### TRY IT
Exactly the lines below from the one with "Мини-компрессор со светодиодным" up to and including the one with "في هذا الدرس،" make up the answer, with nothing else added.
(DATASET RECORDS)
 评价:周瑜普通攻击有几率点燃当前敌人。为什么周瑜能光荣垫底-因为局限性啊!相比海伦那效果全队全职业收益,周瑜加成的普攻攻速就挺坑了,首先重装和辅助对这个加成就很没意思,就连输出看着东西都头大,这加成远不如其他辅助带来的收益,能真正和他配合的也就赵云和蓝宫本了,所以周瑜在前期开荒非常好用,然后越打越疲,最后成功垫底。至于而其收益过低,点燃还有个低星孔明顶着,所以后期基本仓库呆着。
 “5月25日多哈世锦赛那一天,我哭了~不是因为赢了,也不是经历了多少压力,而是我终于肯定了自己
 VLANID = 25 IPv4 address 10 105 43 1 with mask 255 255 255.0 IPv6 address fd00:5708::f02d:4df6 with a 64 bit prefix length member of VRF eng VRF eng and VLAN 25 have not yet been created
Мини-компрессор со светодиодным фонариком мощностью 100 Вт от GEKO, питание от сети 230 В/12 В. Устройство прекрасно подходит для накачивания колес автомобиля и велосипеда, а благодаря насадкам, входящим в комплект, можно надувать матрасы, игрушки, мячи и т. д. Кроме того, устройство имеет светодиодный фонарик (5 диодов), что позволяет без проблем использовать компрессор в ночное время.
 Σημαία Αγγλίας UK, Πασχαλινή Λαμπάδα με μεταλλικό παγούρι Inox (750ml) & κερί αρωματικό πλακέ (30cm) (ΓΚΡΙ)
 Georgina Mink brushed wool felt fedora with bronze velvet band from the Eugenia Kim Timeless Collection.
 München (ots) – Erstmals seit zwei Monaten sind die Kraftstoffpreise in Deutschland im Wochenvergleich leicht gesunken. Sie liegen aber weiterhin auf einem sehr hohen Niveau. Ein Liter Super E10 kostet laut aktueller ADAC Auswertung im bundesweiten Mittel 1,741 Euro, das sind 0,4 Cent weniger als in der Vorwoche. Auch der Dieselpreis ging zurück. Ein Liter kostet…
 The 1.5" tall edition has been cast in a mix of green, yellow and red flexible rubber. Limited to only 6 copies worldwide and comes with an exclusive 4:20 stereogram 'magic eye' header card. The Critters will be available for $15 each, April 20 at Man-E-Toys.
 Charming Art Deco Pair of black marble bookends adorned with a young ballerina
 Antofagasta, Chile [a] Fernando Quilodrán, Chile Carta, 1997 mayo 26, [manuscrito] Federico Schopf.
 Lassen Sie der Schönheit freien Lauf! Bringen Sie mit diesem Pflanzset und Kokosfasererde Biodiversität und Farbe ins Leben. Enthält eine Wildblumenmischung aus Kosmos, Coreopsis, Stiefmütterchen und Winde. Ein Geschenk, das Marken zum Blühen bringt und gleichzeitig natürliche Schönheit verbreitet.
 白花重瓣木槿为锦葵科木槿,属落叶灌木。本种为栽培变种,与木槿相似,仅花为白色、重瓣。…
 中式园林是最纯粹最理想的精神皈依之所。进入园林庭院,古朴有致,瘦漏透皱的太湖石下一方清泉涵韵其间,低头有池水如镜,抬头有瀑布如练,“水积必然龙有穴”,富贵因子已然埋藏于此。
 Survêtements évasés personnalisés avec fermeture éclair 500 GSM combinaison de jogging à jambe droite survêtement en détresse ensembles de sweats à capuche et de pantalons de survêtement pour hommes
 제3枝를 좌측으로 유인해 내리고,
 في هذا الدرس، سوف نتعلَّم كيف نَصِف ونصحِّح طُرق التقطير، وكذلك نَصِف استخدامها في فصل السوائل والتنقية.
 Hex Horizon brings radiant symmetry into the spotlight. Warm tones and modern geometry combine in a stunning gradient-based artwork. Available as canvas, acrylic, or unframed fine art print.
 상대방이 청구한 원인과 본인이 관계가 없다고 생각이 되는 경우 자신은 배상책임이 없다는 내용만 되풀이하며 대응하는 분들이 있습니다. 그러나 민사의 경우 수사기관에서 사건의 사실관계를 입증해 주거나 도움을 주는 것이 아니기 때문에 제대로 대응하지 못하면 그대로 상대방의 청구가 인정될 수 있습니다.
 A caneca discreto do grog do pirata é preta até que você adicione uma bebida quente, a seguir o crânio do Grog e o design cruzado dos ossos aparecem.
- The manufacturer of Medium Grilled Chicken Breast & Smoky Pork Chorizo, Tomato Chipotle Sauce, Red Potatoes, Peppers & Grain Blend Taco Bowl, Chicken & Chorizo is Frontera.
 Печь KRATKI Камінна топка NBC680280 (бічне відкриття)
(End DATASET RECORDS)
### EXERCISE RESPONSE
Мини-компрессор со светодиодным фонариком мощностью 100 Вт от GEKO, питание от сети 230 В/12 В. Устройство прекрасно подходит для накачивания колес автомобиля и велосипеда, а благодаря насадкам, входящим в комплект, можно надувать матрасы, игрушки, мячи и т. д. Кроме того, устройство имеет светодиодный фонарик (5 диодов), что позволяет без проблем использовать компрессор в ночное время.
 Σημαία Αγγλίας UK, Πασχαλινή Λαμπάδα με μεταλλικό παγούρι Inox (750ml) & κερί αρωματικό πλακέ (30cm) (ΓΚΡΙ)
 Georgina Mink brushed wool felt fedora with bronze velvet band from the Eugenia Kim Timeless Collection.
 München (ots) – Erstmals seit zwei Monaten sind die Kraftstoffpreise in Deutschland im Wochenvergleich leicht gesunken. Sie liegen aber weiterhin auf einem sehr hohen Niveau. Ein Liter Super E10 kostet laut aktueller ADAC Auswertung im bundesweiten Mittel 1,741 Euro, das sind 0,4 Cent weniger als in der Vorwoche. Auch der Dieselpreis ging zurück. Ein Liter kostet…
 The 1.5" tall edition has been cast in a mix of green, yellow and red flexible rubber. Limited to only 6 copies worldwide and comes with an exclusive 4:20 stereogram 'magic eye' header card. The Critters will be available for $15 each, April 20 at Man-E-Toys.
 Charming Art Deco Pair of black marble bookends adorned with a young ballerina
 Antofagasta, Chile [a] Fernando Quilodrán, Chile Carta, 1997 mayo 26, [manuscrito] Federico Schopf.
 Lassen Sie der Schönheit freien Lauf! Bringen Sie mit diesem Pflanzset und Kokosfasererde Biodiversität und Farbe ins Leben. Enthält eine Wildblumenmischung aus Kosmos, Coreopsis, Stiefmütterchen und Winde. Ein Geschenk, das Marken zum Blühen bringt und gleichzeitig natürliche Schönheit verbreitet.
 白花重瓣木槿为锦葵科木槿,属落叶灌木。本种为栽培变种,与木槿相似,仅花为白色、重瓣。…
 中式园林是最纯粹最理想的精神皈依之所。进入园林庭院,古朴有致,瘦漏透皱的太湖石下一方清泉涵韵其间,低头有池水如镜,抬头有瀑布如练,“水积必然龙有穴”,富贵因子已然埋藏于此。
 Survêtements évasés personnalisés avec fermeture éclair 500 GSM combinaison de jogging à jambe droite survêtement en détresse ensembles de sweats à capuche et de pantalons de survêtement pour hommes
 제3枝를 좌측으로 유인해 내리고,
 في هذا الدرس، سوف نتعلَّم كيف نَصِف ونصحِّح طُرق التقطير، وكذلك نَصِف استخدامها في فصل السوائل والتنقية.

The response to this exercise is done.